WORK REQUIRED
Leaving every picture out, please return exactly the lines from the top of the material below through the line with "お気づきかもしれませんが、蒸し布で包んでいるため、団子の表面に布の凹凸が。", both included.

INFORMATION SUPPLIED
▬▬▬▬▬▬

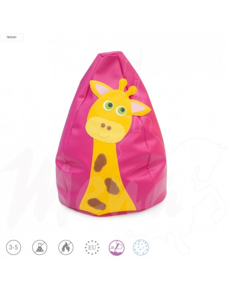 Puff con forma de pera, relleno de perlas de poliestireno, recubierto con tejido impermeable lavable. Cosido con hilo de alta resistencia, con sistema de cierre oculto. Puede ser fabricado con las combinaciones de colores que necesite, dentro de la gama de colores disponible. Medida 50 x 80 cm. Peso 2 kg.
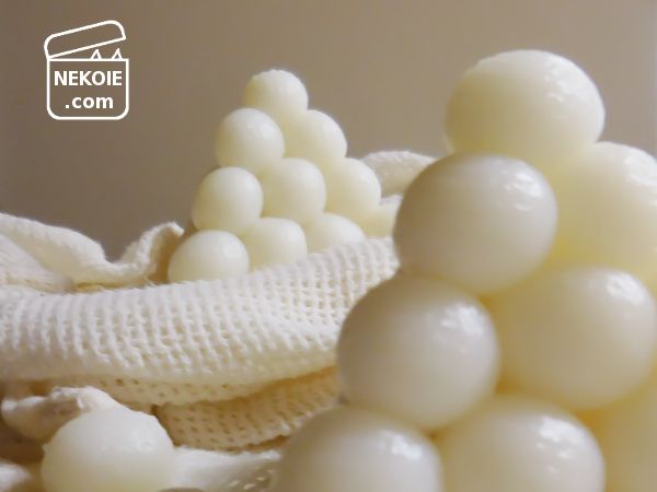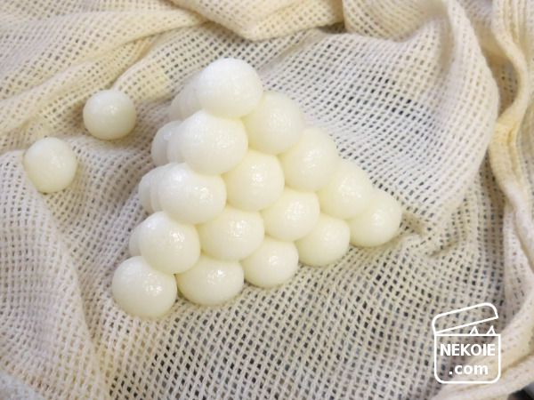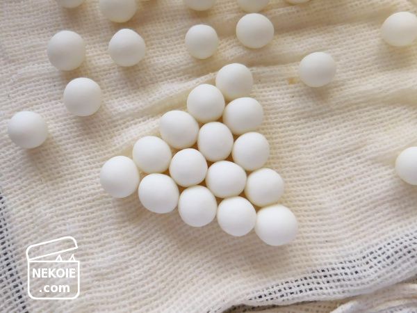 お気づきかもしれませんが、蒸し布で包んでいるため、団子の表面に布の凹凸が。
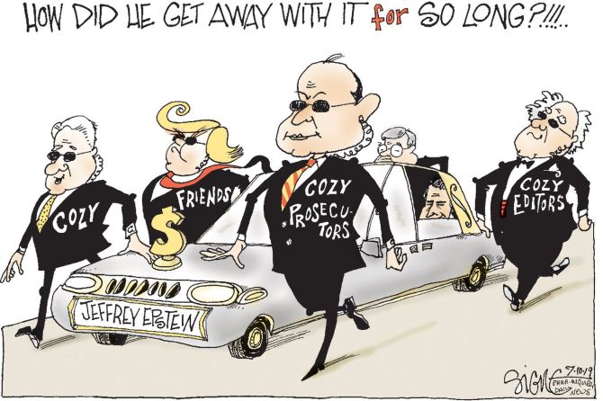 you’ve maybe by now heard of a man named jeffrey epstein? a man who, according to ariel levy’s reporting, was trafficking and assaulting upwards of TWELVE girls per month for the last twenty years. the last twelve years of which EVERYBODY KNEW. (for more on that, here’s vicky ward’s reporting. here’s the guardian‘s reporting. here’s the miami herald‘s archive of their investigative reports on epstein.)
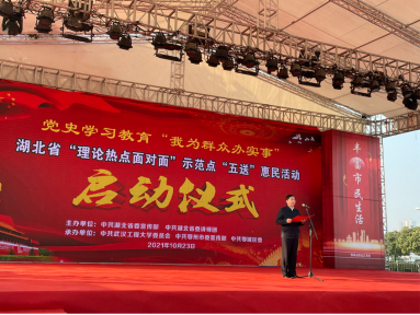 (通讯员黄小倩)10月23日上午,中共湖北省委宣传部、省委讲师团在鄂州市凤凰广场举行全省“理论热点面对面”示范点“五送”惠民活动启动仪式。出席今天启动仪式的有湖北省委宣传部、湖北省委讲师团、湖北省教育厅、鄂州市委、鄂城区委等有关部门领导,beat365官网中文版本等参与高校及示范点所在市州县(市、区)领导和专家。

▬▬▬▬▬▬

EXERCISE RESPONSE
 Puff con forma de pera, relleno de perlas de poliestireno, recubierto con tejido impermeable lavable. Cosido con hilo de alta resistencia, con sistema de cierre oculto. Puede ser fabricado con las combinaciones de colores que necesite, dentro de la gama de colores disponible. Medida 50 x 80 cm. Peso 2 kg.
 お気づきかもしれませんが、蒸し布で包んでいるため、団子の表面に布の凹凸が。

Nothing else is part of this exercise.